**Recorded information**
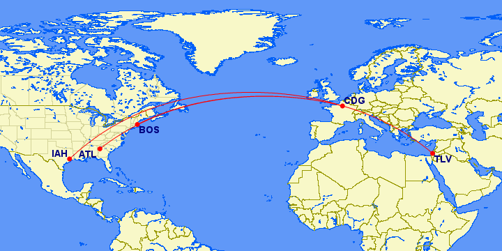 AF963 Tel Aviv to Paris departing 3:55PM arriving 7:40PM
* * *
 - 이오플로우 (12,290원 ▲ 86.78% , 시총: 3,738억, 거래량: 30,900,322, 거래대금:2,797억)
...
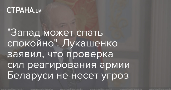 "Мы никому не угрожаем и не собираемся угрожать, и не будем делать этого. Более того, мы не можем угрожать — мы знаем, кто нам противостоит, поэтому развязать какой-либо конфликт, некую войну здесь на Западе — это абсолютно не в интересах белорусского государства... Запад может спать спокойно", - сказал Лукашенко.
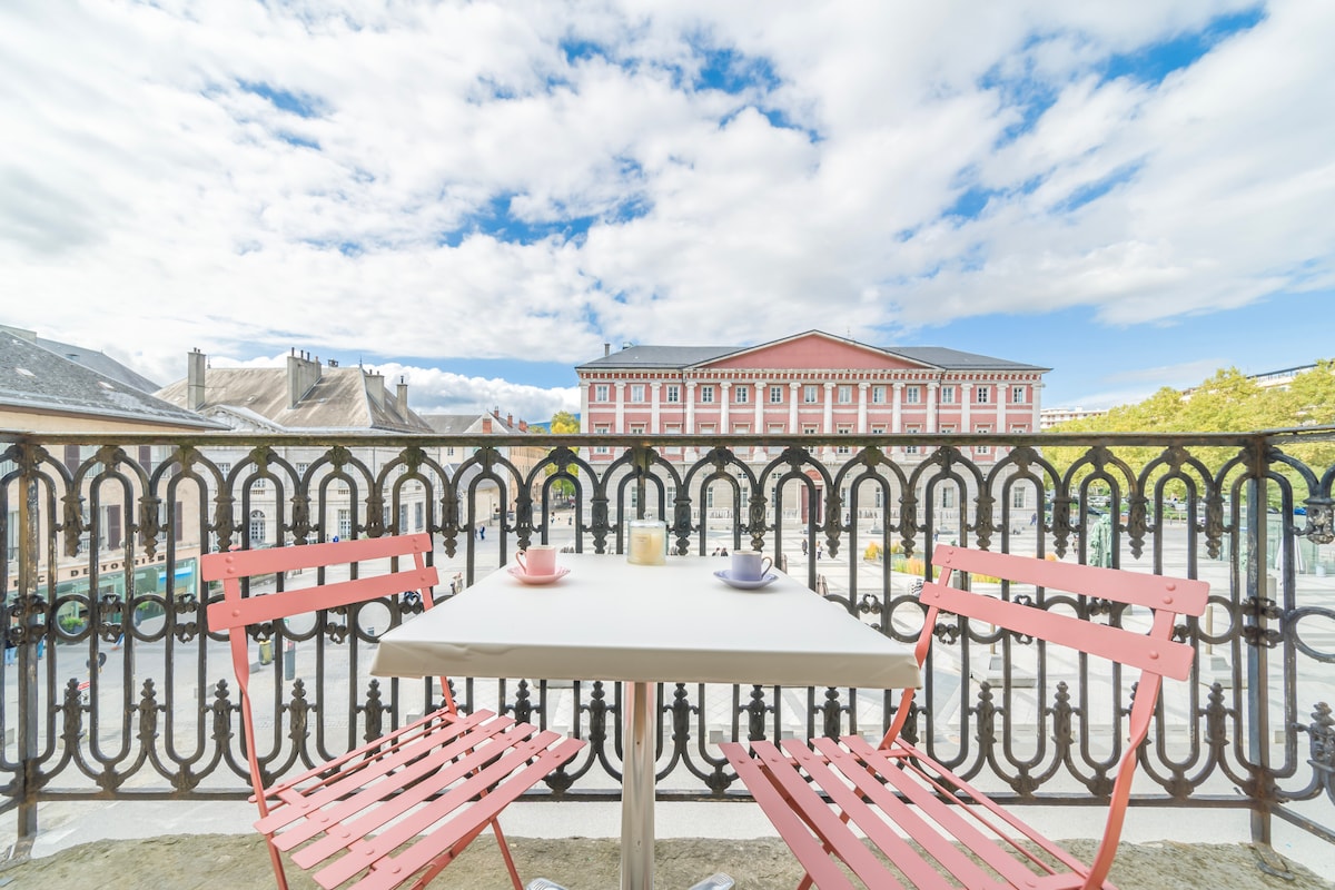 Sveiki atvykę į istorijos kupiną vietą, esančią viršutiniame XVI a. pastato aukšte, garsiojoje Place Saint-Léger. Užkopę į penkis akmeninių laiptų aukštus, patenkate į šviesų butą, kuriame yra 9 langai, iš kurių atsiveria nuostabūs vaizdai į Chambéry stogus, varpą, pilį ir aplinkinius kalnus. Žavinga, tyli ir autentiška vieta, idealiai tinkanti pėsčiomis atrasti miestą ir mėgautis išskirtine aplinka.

**Problem requirements**
Start with the line with "- сказал Лукашенко." in the listing above and stop after the line with "Sveiki atvykę į". Write out exactly the lines in that stretch and no others, without pictures.

**Exercise answer**
 "Мы никому не угрожаем и не собираемся угрожать, и не будем делать этого. Более того, мы не можем угрожать — мы знаем, кто нам противостоит, поэтому развязать какой-либо конфликт, некую войну здесь на Западе — это абсолютно не в интересах белорусского государства... Запад может спать спокойно", - сказал Лукашенко.
 Sveiki atvykę į istorijos kupiną vietą, esančią viršutiniame XVI a. pastato aukšte, garsiojoje Place Saint-Léger. Užkopę į penkis akmeninių laiptų aukštus, patenkate į šviesų butą, kuriame yra 9 langai, iš kurių atsiveria nuostabūs vaizdai į Chambéry stogus, varpą, pilį ir aplinkinius kalnus. Žavinga, tyli ir autentiška vieta, idealiai tinkanti pėsčiomis atrasti miestą ir mėgautis išskirtine aplinka.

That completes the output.